The reply should contain every entry exactly as given, with no pictures in it.

▶ _Records for this task_:
- - - - -

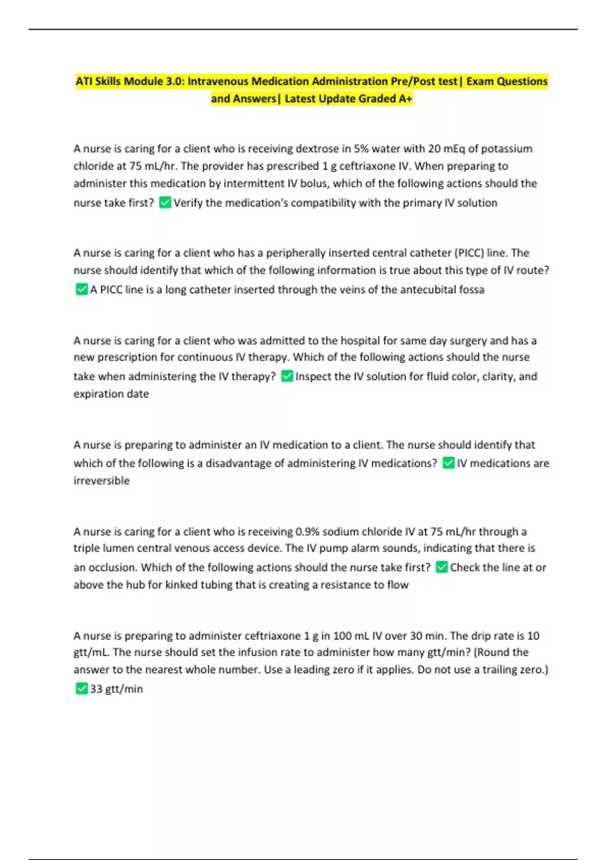 ATI Skills Module 3.0: Intravenous Medication Administration Pre/Post test| Exam Questions and Answers| Latest Update Graded A+
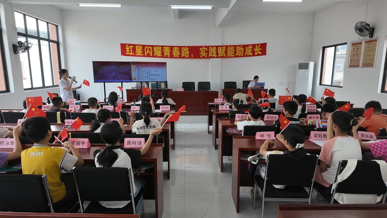 传承红色基因、赓续红色血脉,是新时代党赋予教育工作者的重要使命与责任担当。7月14日,bv伟德国际1946“扬帆起航,筑梦成长”青年实践团于肇庆市广宁县南街街道红星社区开展了一系列红色主题教育活动。通过红歌传唱、画说党史、红色之旅、知识问答、传统剪纸,将红色文化以生动活泼的方式传递给青少年,让红色基因在欢声笑语与青春热血中薪火相传,深深浸润着少年儿童的心田,滋养着他们的精神世界。
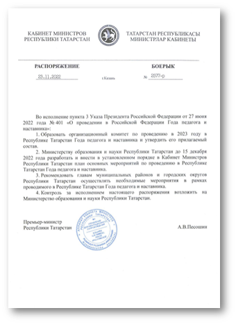 Распоряжение Кабинета министров РТ от 23.11.2022 № 2577-р «Об образовании организационного комитета по проведению в 2023 году в Республике Татарстан Года педагога и наставника и утверждении его состава»
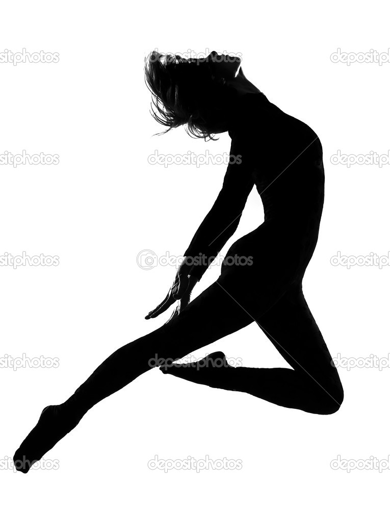 Dancer jumping silhouette: One woman modern dancer
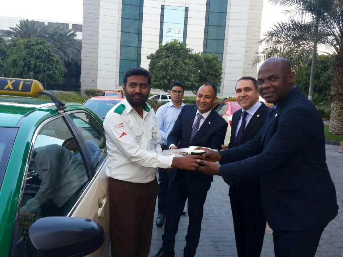 اختار فندق في دبي الاحتفال بيوم السعادة العالمي، بتوزيع الهدايا والحلويات على سائقي التاكسي في شوارع المدينة.
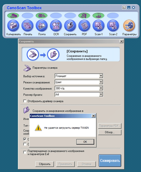 Начнем по порядку, в наличии имелся сервер под управлением Windows Server 2008 SP2 64-бит и далеко не новый сканер Canon LiDE 25. Ничто не предвещало беды, сканер нормально определился и установил необходимые драйвера, без проблем установилась фирменная утилита, казалось бы - работай.
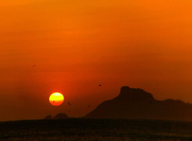 晕红色的光芒从西边地平线上照射而来,照射在这海中小岛上,此刻不论是这经历了千万年的彩石,还是远处砣矶岛百年的村子,看起来都特别有沧桑感。
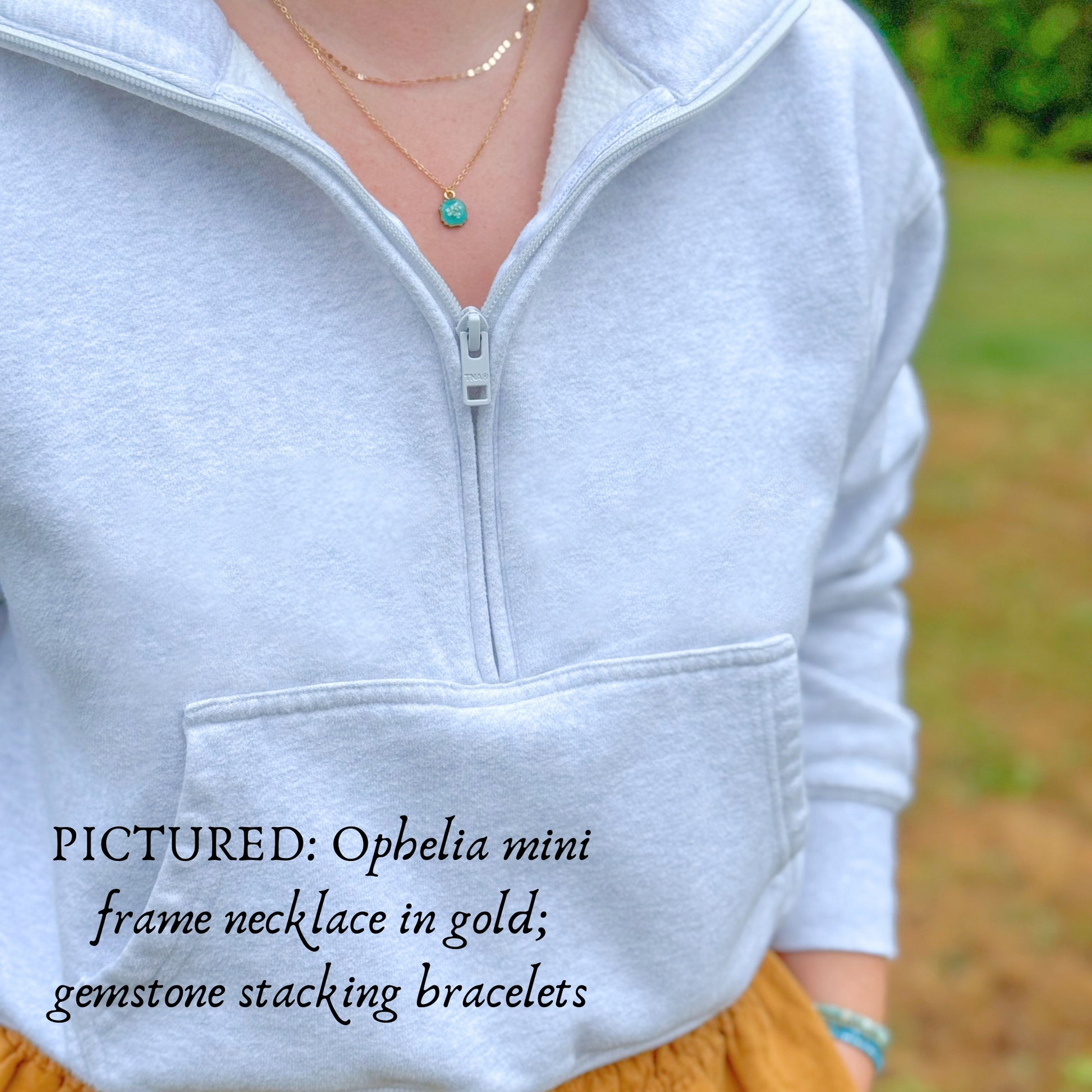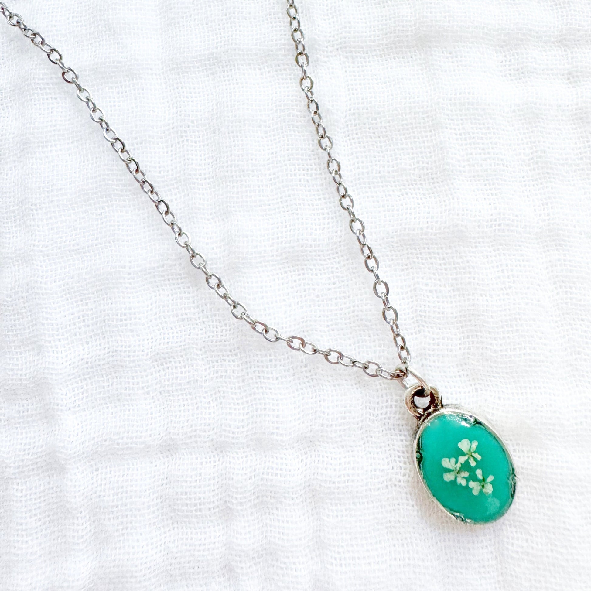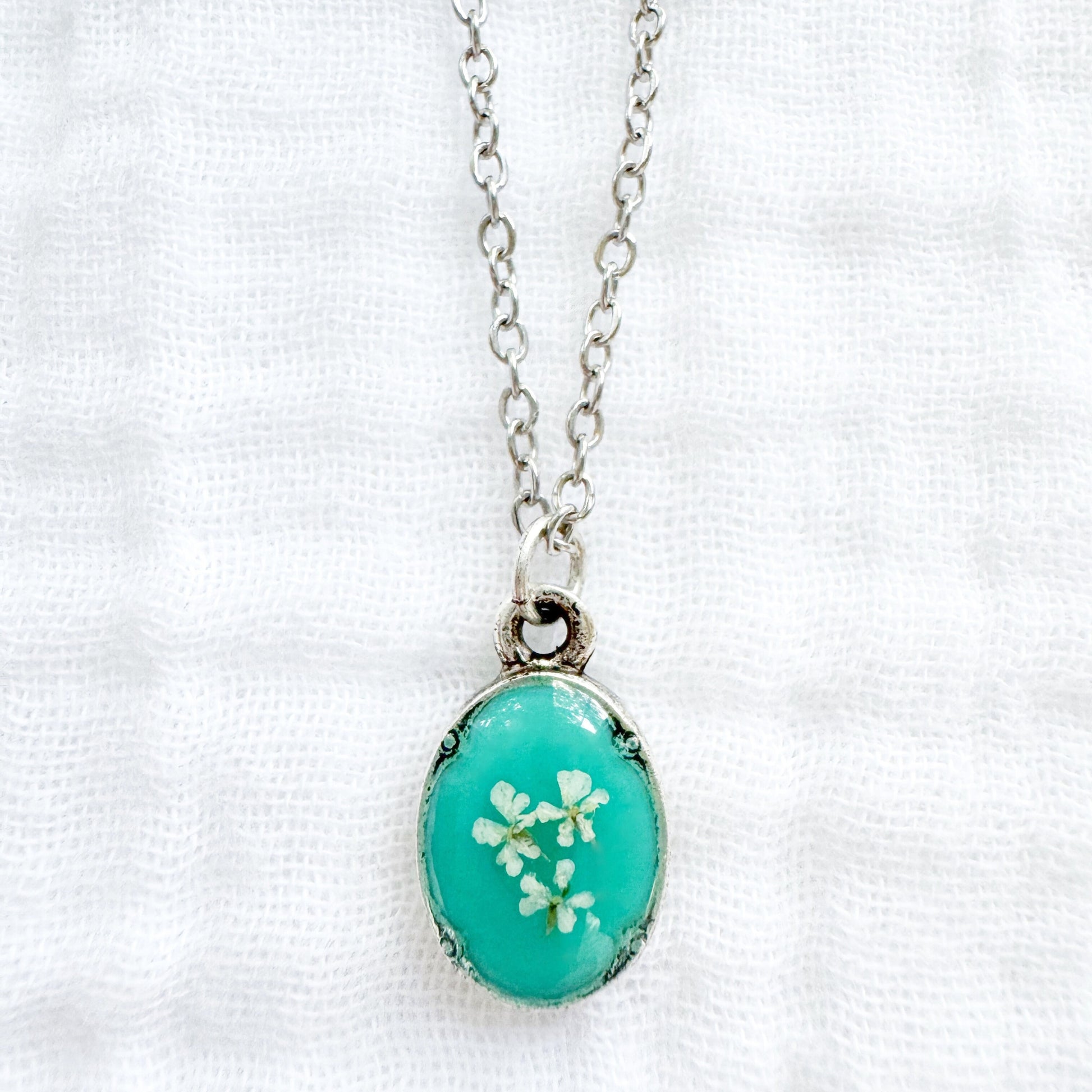 Part of the Showgirl Collection and inspired by Taylor Swift's upcoming album, this dainty pressed flower necklace features a cluster of Queen Anne's Lace blooms cast against a watery aqua backdrop. These real petals are housed in an elegant, antique style pendant.
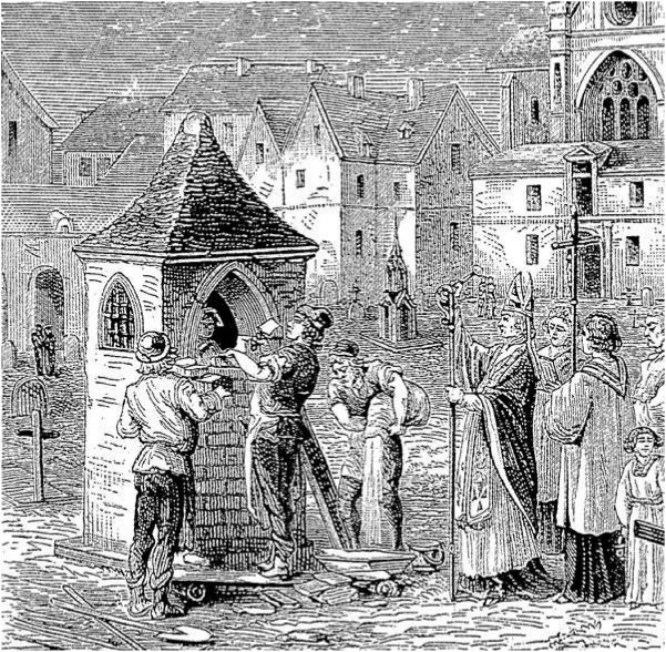 К заточению навечно, или замуровыванию, в Европе XIV века приговаривали суды инквизиции. Эта казнь, входившая в число высших мер наказания, заключалась в том, что приговоренного помещали в каменный мешок, наглухо заделывая выходы. Замурованные медленно умирали от голода, жажды и недостатка воздуха.
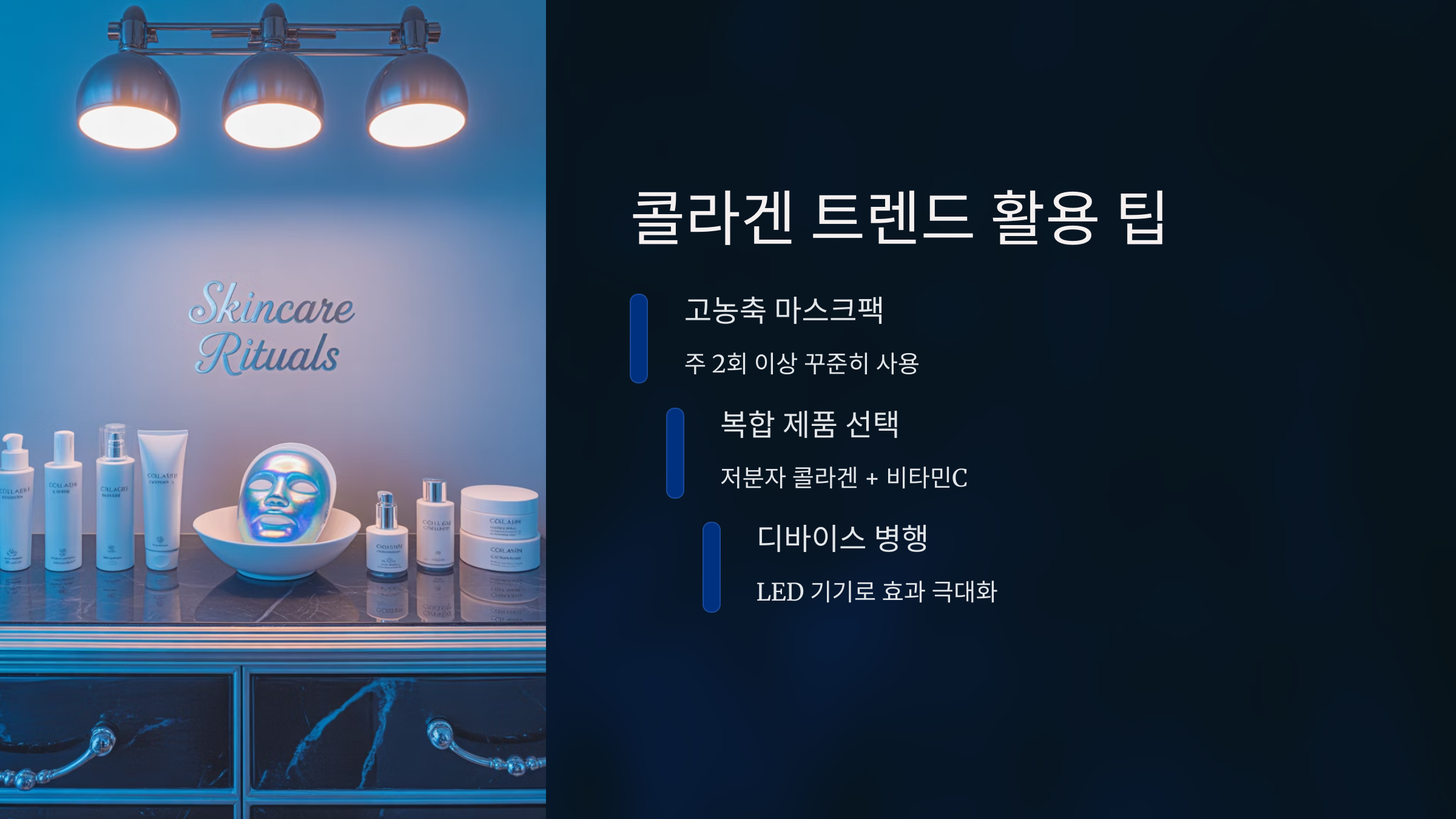 “최신 콜라겐 트렌드는 ‘효과와 편리성’을 동시에 잡는 방향으로 진화하고 있습니다. 40대 이상 분들은 본인 피부 상태와 라이프스타일에 맞는 제품과 기기를 선택하는 것이 중요합니다.” — 뷰티 연구소 이현정 박사
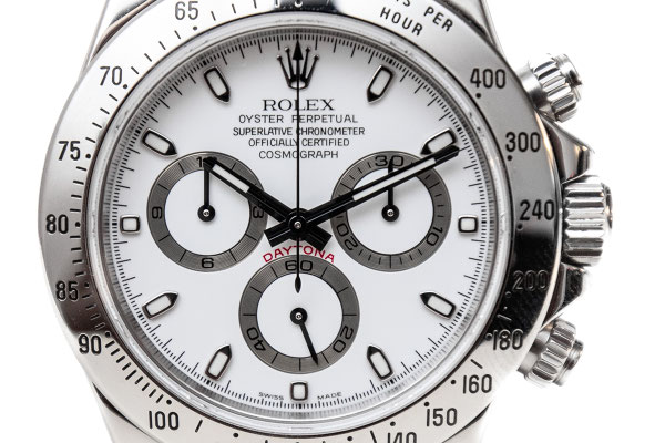 Remarque : Inutile de présenter en détail le mythique chronographe Daytona. Ici, décliné en acier sur cadran blanc, cette pièce emblématique se fait discrètement précieuse. La lunette graduée vient encercler une magnifique cadran rehaussé des sous compteurs cerclés. Définitivement sportive et culte, notre exemplaire est en superbe état et dispose d'un full set.
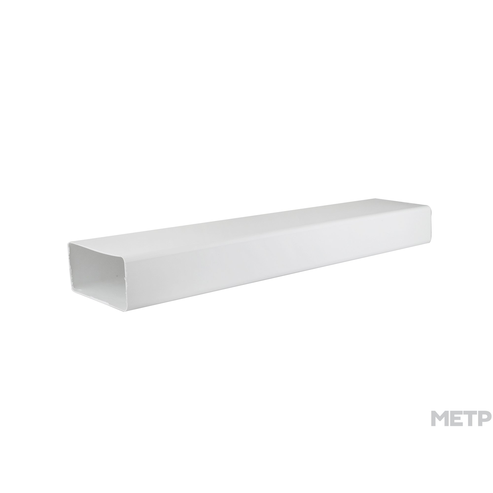 Канал прямоугольный 110x55x500 мм — с помощью таких плоских воздуховодов вы легко смонтируете дома или в офисе вентиляцию приточного или вытяжного типа, возможно сформировать целую канальную систему. Материал изготовления модели — белый прочный ПВХ. Не гудит, не подвержен коррозии, прост в монтаже.
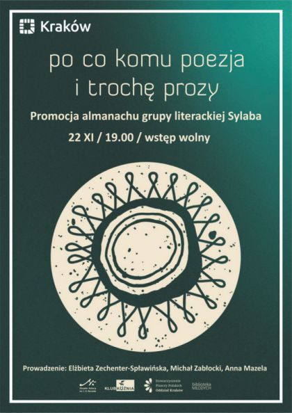 Spotkanie promujce Almanach "Po co komu poezja i troch prozy" wydany przez Stowarzyszenie Pisarzy Polskich Oddzia Krakw. Prowadzenie: Elbieta Zechenter-Spawiska, Micha Zabocki i Anna Mazela. Wstp wolny.
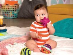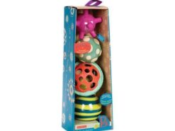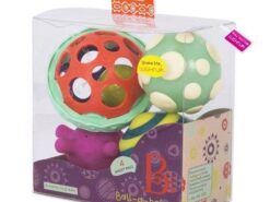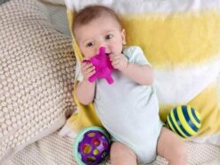– piłka z otworami i grzechotką w środku – idealna dla małych rączek uczących się chwytać.
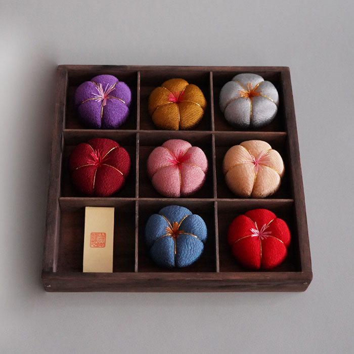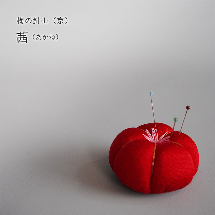 梅のかたちをした針山です。可愛さの中にもどこか落ち着いた雰囲気のある色を揃えました。まるで和菓子のようなコロンとしたかたちはいくつも集めたくなる愛らしさです。■サイズ:直径 6.5×高さ 3(cm)■素材:表地=レーヨン100%、綿=ポリエステル100%※製造国:日本※全て手づくりですので、一点一点サイズや形が異なります。手づくりの風合いをお楽しみください。
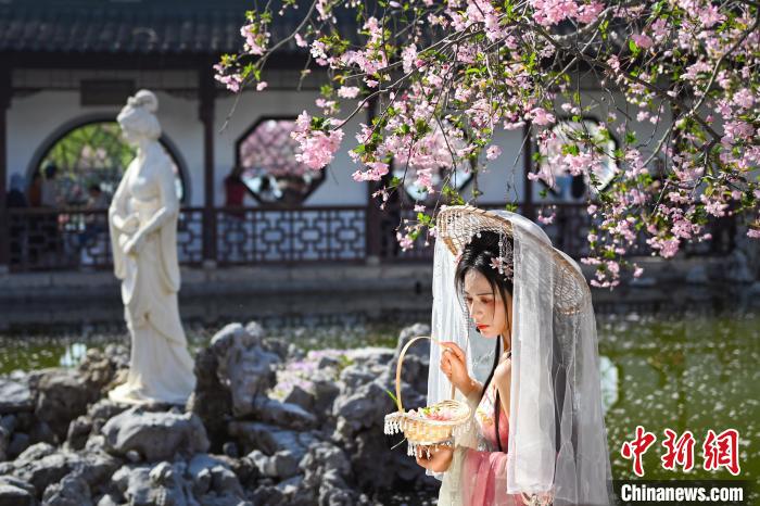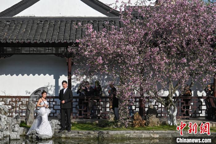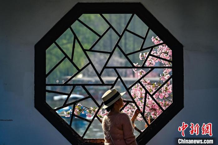 3月25日,江蘇南京,莫愁湖公園里海棠花盛開,與江南園林建筑相映成趣,吸引了眾多市民和游客前來,盡情享受春日美景。中新社記者 泱波 攝

- - - - -

▶ _Solved exercise_:
 ATI Skills Module 3.0: Intravenous Medication Administration Pre/Post test| Exam Questions and Answers| Latest Update Graded A+
 传承红色基因、赓续红色血脉,是新时代党赋予教育工作者的重要使命与责任担当。7月14日,bv伟德国际1946“扬帆起航,筑梦成长”青年实践团于肇庆市广宁县南街街道红星社区开展了一系列红色主题教育活动。通过红歌传唱、画说党史、红色之旅、知识问答、传统剪纸,将红色文化以生动活泼的方式传递给青少年,让红色基因在欢声笑语与青春热血中薪火相传,深深浸润着少年儿童的心田,滋养着他们的精神世界。
 Распоряжение Кабинета министров РТ от 23.11.2022 № 2577-р «Об образовании организационного комитета по проведению в 2023 году в Республике Татарстан Года педагога и наставника и утверждении его состава»
 Dancer jumping silhouette: One woman modern dancer
 اختار فندق في دبي الاحتفال بيوم السعادة العالمي، بتوزيع الهدايا والحلويات على سائقي التاكسي في شوارع المدينة.
 Начнем по порядку, в наличии имелся сервер под управлением Windows Server 2008 SP2 64-бит и далеко не новый сканер Canon LiDE 25. Ничто не предвещало беды, сканер нормально определился и установил необходимые драйвера, без проблем установилась фирменная утилита, казалось бы - работай.
 晕红色的光芒从西边地平线上照射而来,照射在这海中小岛上,此刻不论是这经历了千万年的彩石,还是远处砣矶岛百年的村子,看起来都特别有沧桑感。
 Part of the Showgirl Collection and inspired by Taylor Swift's upcoming album, this dainty pressed flower necklace features a cluster of Queen Anne's Lace blooms cast against a watery aqua backdrop. These real petals are housed in an elegant, antique style pendant.
 К заточению навечно, или замуровыванию, в Европе XIV века приговаривали суды инквизиции. Эта казнь, входившая в число высших мер наказания, заключалась в том, что приговоренного помещали в каменный мешок, наглухо заделывая выходы. Замурованные медленно умирали от голода, жажды и недостатка воздуха.
 “최신 콜라겐 트렌드는 ‘효과와 편리성’을 동시에 잡는 방향으로 진화하고 있습니다. 40대 이상 분들은 본인 피부 상태와 라이프스타일에 맞는 제품과 기기를 선택하는 것이 중요합니다.” — 뷰티 연구소 이현정 박사
 Remarque : Inutile de présenter en détail le mythique chronographe Daytona. Ici, décliné en acier sur cadran blanc, cette pièce emblématique se fait discrètement précieuse. La lunette graduée vient encercler une magnifique cadran rehaussé des sous compteurs cerclés. Définitivement sportive et culte, notre exemplaire est en superbe état et dispose d'un full set.
 Канал прямоугольный 110x55x500 мм — с помощью таких плоских воздуховодов вы легко смонтируете дома или в офисе вентиляцию приточного или вытяжного типа, возможно сформировать целую канальную систему. Материал изготовления модели — белый прочный ПВХ. Не гудит, не подвержен коррозии, прост в монтаже.
 Spotkanie promujce Almanach "Po co komu poezja i troch prozy" wydany przez Stowarzyszenie Pisarzy Polskich Oddzia Krakw. Prowadzenie: Elbieta Zechenter-Spawiska, Micha Zabocki i Anna Mazela. Wstp wolny.
– piłka z otworami i grzechotką w środku – idealna dla małych rączek uczących się chwytać.
 梅のかたちをした針山です。可愛さの中にもどこか落ち着いた雰囲気のある色を揃えました。まるで和菓子のようなコロンとしたかたちはいくつも集めたくなる愛らしさです。■サイズ:直径 6.5×高さ 3(cm)■素材:表地=レーヨン100%、綿=ポリエステル100%※製造国:日本※全て手づくりですので、一点一点サイズや形が異なります。手づくりの風合いをお楽しみください。
 3月25日,江蘇南京,莫愁湖公園里海棠花盛開,與江南園林建筑相映成趣,吸引了眾多市民和游客前來,盡情享受春日美景。中新社記者 泱波 攝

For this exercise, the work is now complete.